Is it still the case that an AMD core is less powerful than an Intel core for the same frequency? I understand that AMD is making it up with more cores but in a cloud you get charged per core. Can a cloud substitute an Intel for an AMD cpu?
That hasn't been true since the release of Ryzen in 2017. The reason why AMD is lagging behind in single core performance is because Intel CPUs can be clocked higher. Often to 5GHz. Whereas AMD usually only boosts to somewhere around 4.4GHz. Gamers care about a 12% difference. Servers usually don't even go beyond 3GHz.
IPC varies according to the specific task but Ryzen 1xxx and 2xxx have always had IPC on average comparable to Broadwell CPUs (excluding AVX workloads). So intel has had a slight lead there from Skylake onwards.
According to what we're seeing, the situation seems to be reversed with the 3xxx series, where AMD seems to have a small but significant lead; we'll have to wait for independent benchmarks.
That's not fair comparison. Servers are lower speeds because they have far more cores. AMD's desktop processors have more cores than Intel, so you'd expect the clock to be lower.
Servers are lower speed because server owners at a pretty trivial scale generally care more about perf/watt than the number of servers they have, and the slower frequencies hit that sweet spot. There are some places where they care about individual node perf, and you'll see lot's of cores _and_ high clock speed there. Borg scheduler nodes come to mind there.
No, servers are lower speed because they have more cores and larger caches. Both of those take up more die space, which makes routing higher-speed clocks harder/impossible.
This is easy to prove. The highest clock rate xeons you'll find are a special SKU exclusive to aws. Sure enough, they have far fewer cores than instances with lower clocks.

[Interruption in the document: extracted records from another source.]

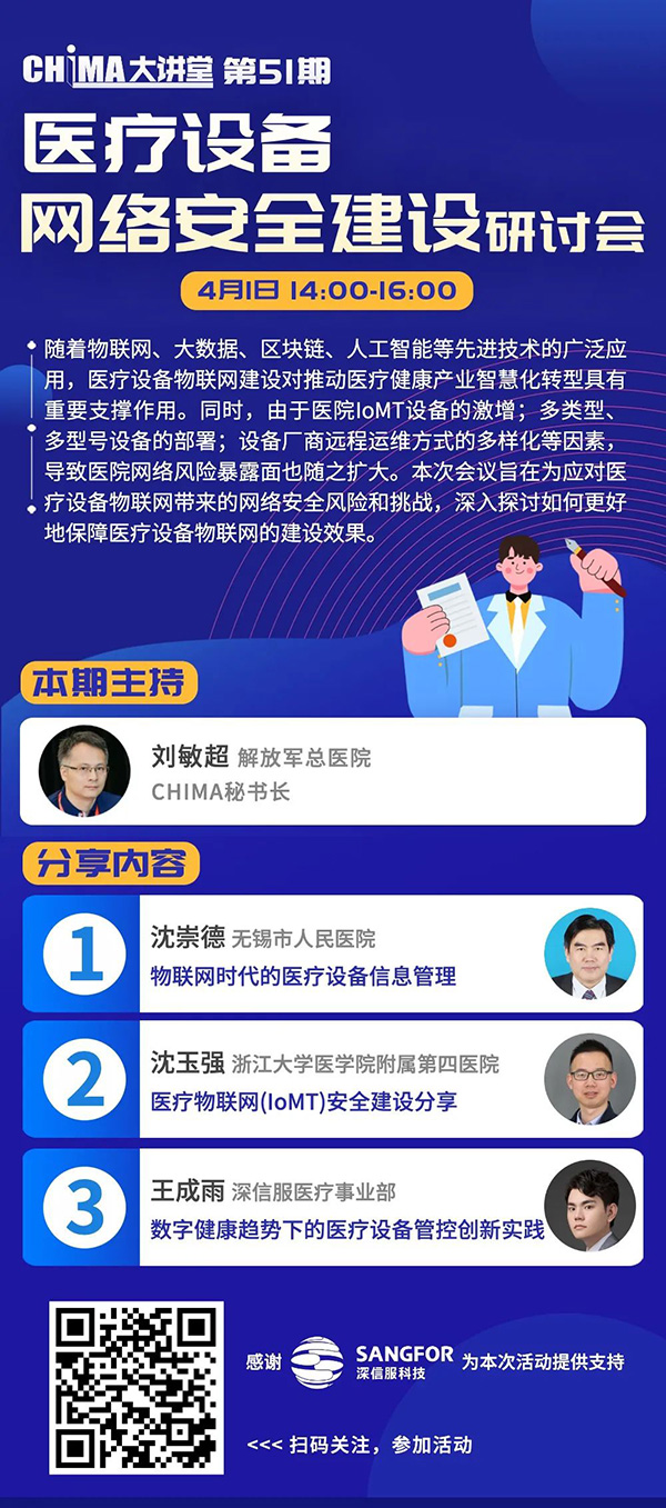 直播预告|CHIMA大讲堂:医疗设备网络安全建设研讨会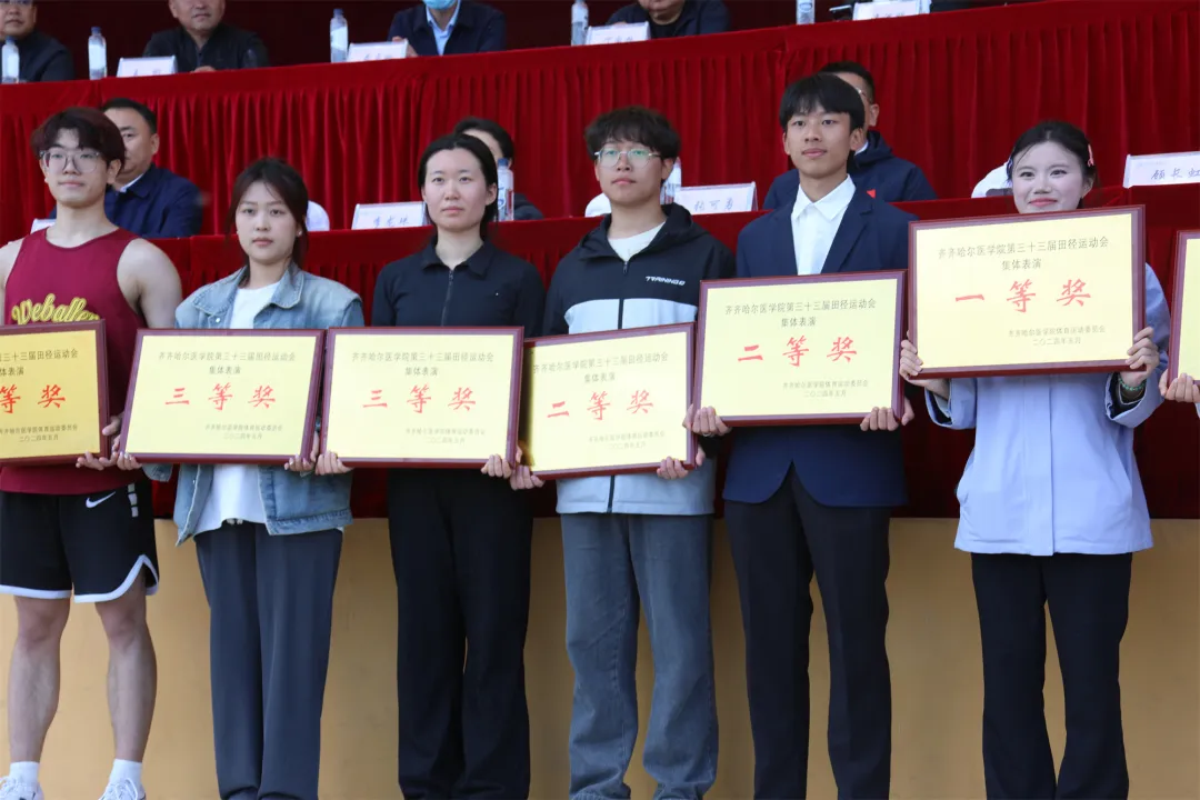 24日11时,学院第三十三届田径运动会胜利闭幕,我院代表队获得了道德风尚奖。本次运动会赛出了风格、赛出了水平,充分展现了我院师生队伍团结、拼搏、积极、乐观的精神面貌和青春风采,实现了“运动水平”和“精神文明”的双丰收,也激励我院广大医务员工以更加饱满的精神状态奋进新征程、争创新佳绩,为建院70周年献礼。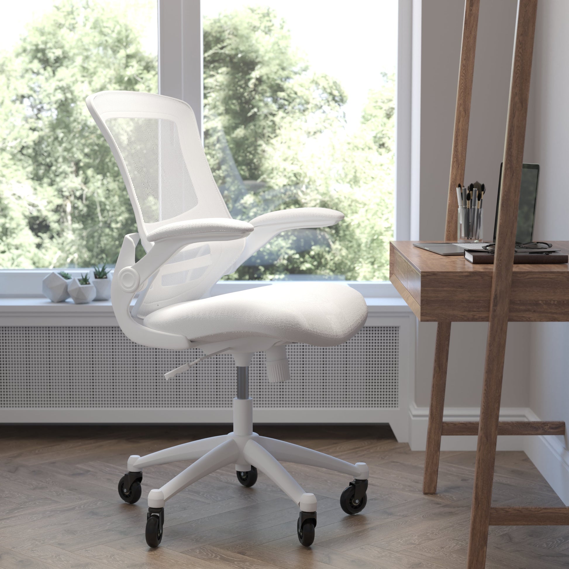 Kelista Mid-Back White Mesh Swivel Ergonomic Task Office Chair with White Frame, Flip-Up Arms, and Transparent Roller Wheels Dimensions: 24.5"W x 25.5"D x 37.5" - 41.25"H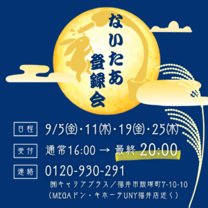 【9月開催】お仕事の後でも間に合う!ナイター登録会のお知らせ【最終受付20:00】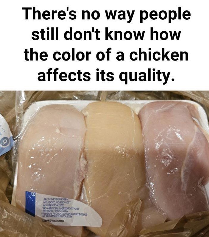 Chicken color does reveal something, but not quality the way most people assume. White chicken usually comes from indoor, factory-farmed birds fed grains like corn, wheat, and soy. These birds grow fast, exercise little, and rarely see the outdoors. Their meat ends up pale pink or white, sometimes with a bluish tint.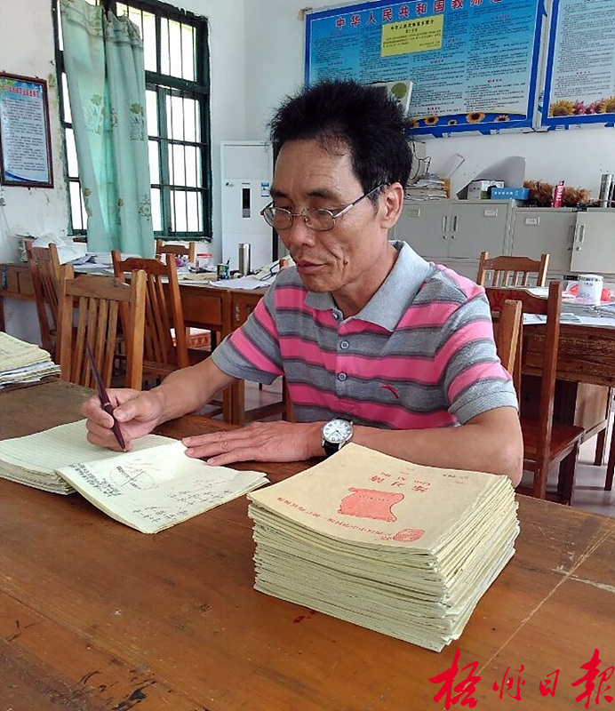 ????在老義中心小學(xué)對岸分校復(fù)式班任教時,他每天來回要步行5公里的山路,遇到雨季溪河澇水上漲時,因?yàn)樵摲中V挥兴粋€教師,所以他只好分批護(hù)送學(xué)生放學(xué),甚至背學(xué)生過河,以確保學(xué)生的人身安全。曾有一次,一個學(xué)生在上課時突發(fā)高燒,而本地附近沒有村醫(yī),他安排好小班干管班之后,便背著患病學(xué)生到3公里外的村衛(wèi)生所就診。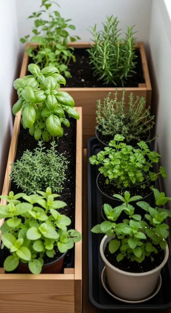 Raised planter beds maximize your growing space while creating an organized herb station. Choose a compact rectangular planter that fits your balcony’s width, then plant complementary herbs together. Position sun-loving herbs like rosemary and thyme toward the back, with shade-tolerant cilantro in front.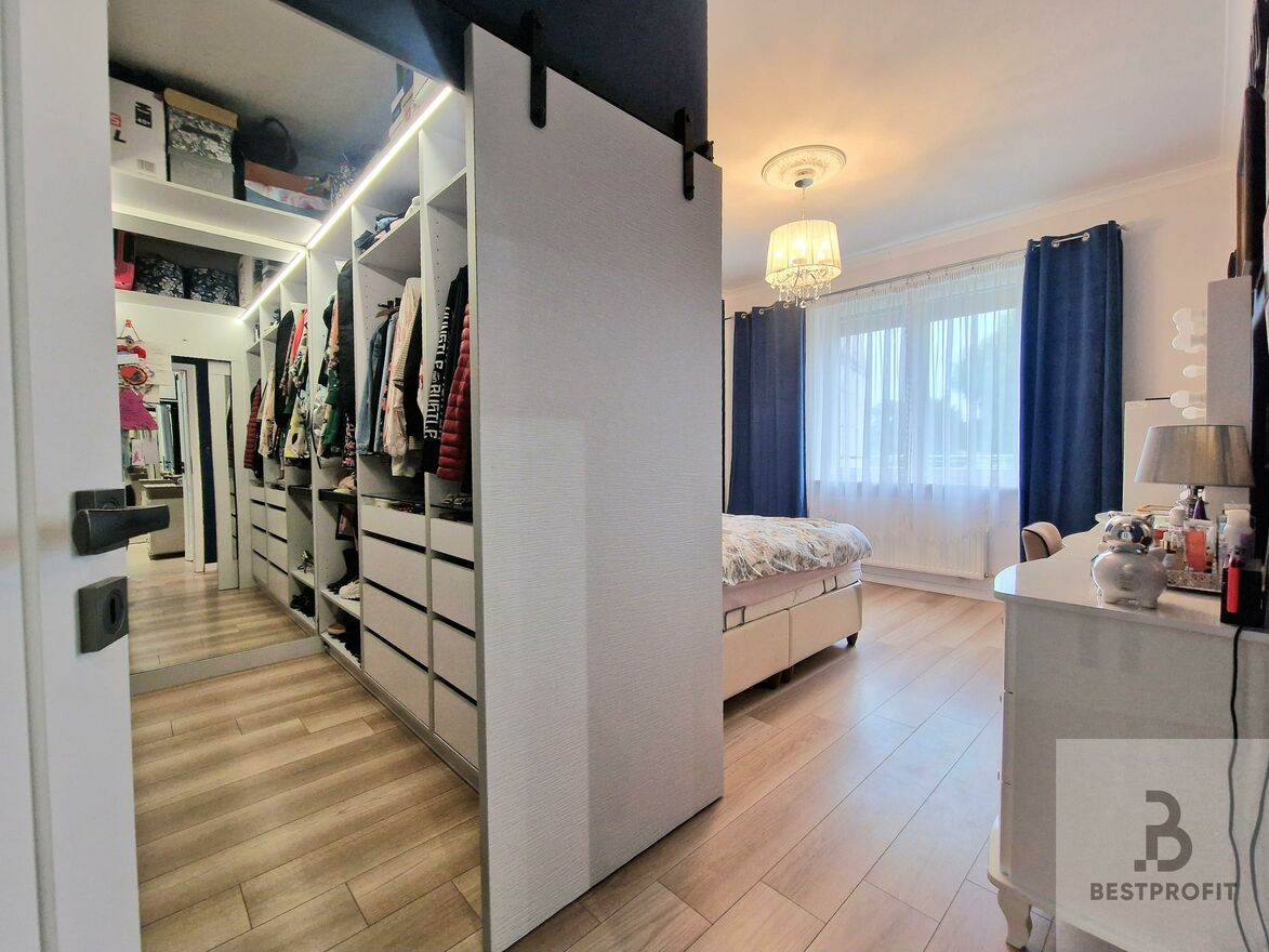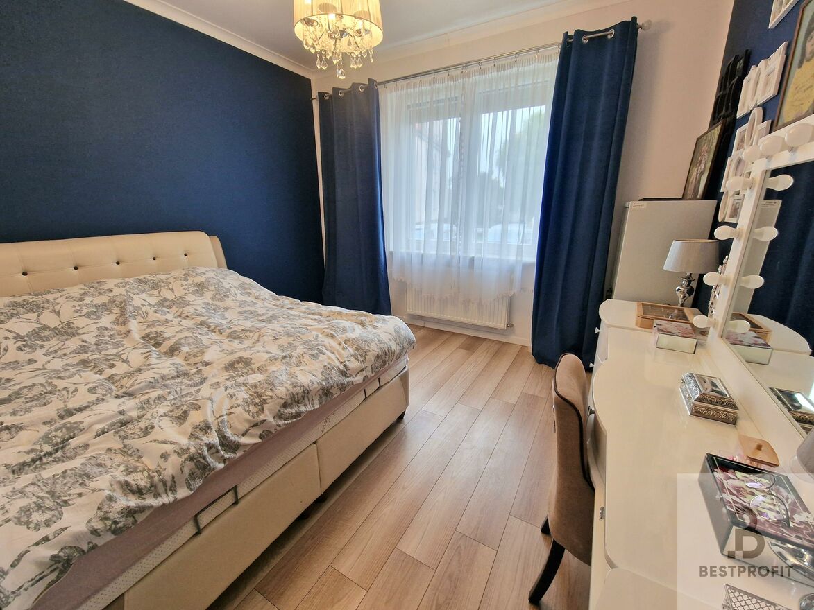Przestronny, otwarty i bardzo jasny salon z widokiem na ogródki działkowe, 2 pokoje dla dzieci i oddzielna sypialnia z własną garderobą.

The cores have independent clock trees and PLLs. Half the point of going multi core instead of giant single core in the first place is so that you don't have to route clock lines all over the place.
What you're seeing isn't routing issues, but the fact that their newer process isn't up to snuff, and they don't have the proper yields on larger die sizes.
Like, I've shipped RTL and know pretty well how this stuff works.
from the (possibly cherrypicked) benchmarks in the original announcement [0], it looks like single thread performance is on par or slightly better even with a clock disadvantage.
Not sure how much overall effect it will have, but Windows also recently released an update to perform better with Zen, and these benchmarks don't include that update. I'm not sure what the story was with CPU vulnerability mitigations were, but if those were turned off then Zen 2 could handily be beating Intel.
It certainly looks promising, but I'll still hold my excitement until we get some 3rd party benchmarks.
I believe the update is to optimize where threads are scheduled across CCXs. shouldn't affect a single threaded benchmark.
I'm also skeptical of first party benchmarks, but I'm already pretty excited that I finally might be able to justify an upgrade from my old haswell setup.
IIRC, the benchmarks also don't include the spectre/meltdown patches for Intel. AMD, apparently, worked very hard to give a worst-case comparison for the most part.
Yeah, it depends on what they deem to be equivalent. AWS already offer AMD cores, and they're 10% cheaper compared to Intel cores - https://aws.amazon.com/ec2/amd/
AWS mostly did away with that years ago; AFAIK first-tier cloud providers all promise a specific CPU model. And yes, and AMD vCPU is cheaper than an Intel vCPU.